In order to determine how many pulses to wait for an interval, the model not only retrieves the representation of the interval, but also the feedback received for that interval. For this process, we use exactly the same mechanism as for the retrieval of the interval. Whenever feedback is received, the model stores this in memory. If the feedback was “correct,” it stores the value of 0; if the feedback was “too long,” it stores a negative value; and if the feedback was “too short,” it stores a positive value (this value is referred to as the feedbackshift, which is a free parameter in the model). Retrieval of the feedback is performed in the same way as the retrieval of the interval itself. This means that the feedback of the previous trial for the same duration has the highest impact, but that earlier feedback and feedback for the other duration can also weigh in.

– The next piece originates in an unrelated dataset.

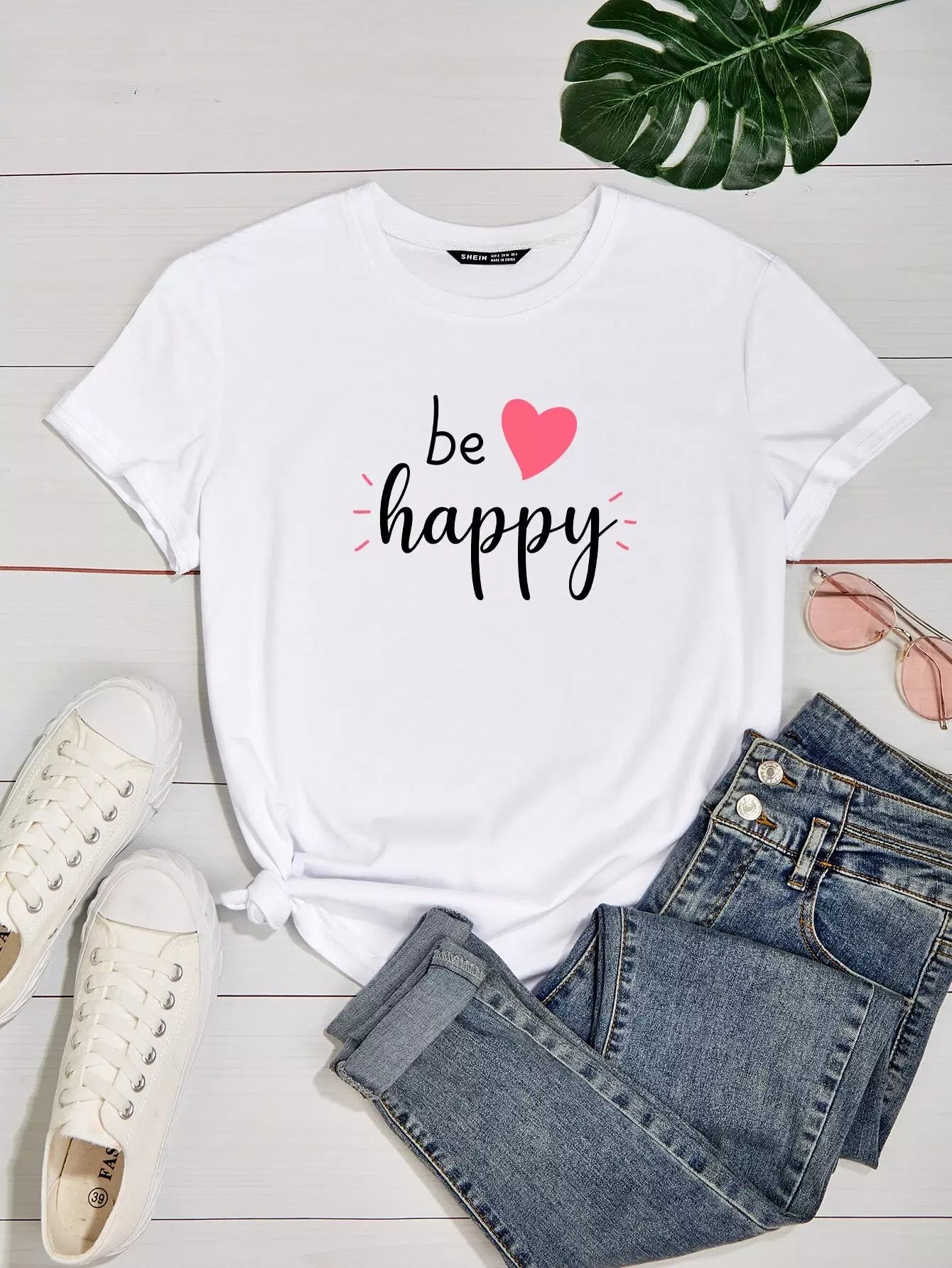 تي شيرت مطبوع عليه شعار وقلب زائد

Table 3 shows an example in the hypothetical case in which the number of pulses for the next short interval is calculated on the basis of the last four experiences (the actual pool model uses all previous experiences, but older experiences have less impact due to decay). Each line in the table shows an experience in memory, starting with the type (long or short), how many pulses were used as estimate in that experience, and how long ago the experience was. On that basis, using Eq. 1, an activation is calculated, in which the long experiences are penalized because they do not match the current request (i.e., a short interval). Equation 2 is then used to calculate the probability of retrieval of that experience, which, multiplied by the number of pulses, gives the contribution of that experience to the blend in the sixth column of the table. These contributions are added up (Eq. 3) to produce the result of the blended retrieval, 21.8. This process is repeated for the feedback (summarized in the next five columns), leading to a contribution of −0.65. The sum of the two retrievals is 21.15, which, rounded down to 21, means that the estimate for the next short interval will be slightly shorter than the previous one, even though it received positive feedback.
Table 3

Example of how the model calculates the number of pulses

Experience

Pulses

t (s)

Aj

Pj

PjVj

Feedback

t FB

Aj FB

Pj FB

PjVj FB

Grand Sum

longn–1

28

4.5

–1.67

0.029

0.8

–2 (late)

0.7

–0.74

0.37

–0.75

 

shortn–1

22

7.5

–1.01

0.797

17.5

0 (correct)

3.7

–0.65

0.58

0

 

longn–2

27

11.1

–2.12

0.003

0.08

+2 (early)

7.3

–1.91

0.001

0.002

 

shortn–2

20

13.8

–1.31

0.171

3.43

+2 (early)

10

–1.15

0.05

0.10

 

Sum

    

21.8

    

–0.65

21.15

To summarize: If the pool model has to produce a certain interval, it determines the number of pulses by retrieving a blend of memory representations for that interval. It then retrieves previous feedback for that interval, which is also a blend of earlier feedback. It adds the two together and waits for that many pulses to produce the interval.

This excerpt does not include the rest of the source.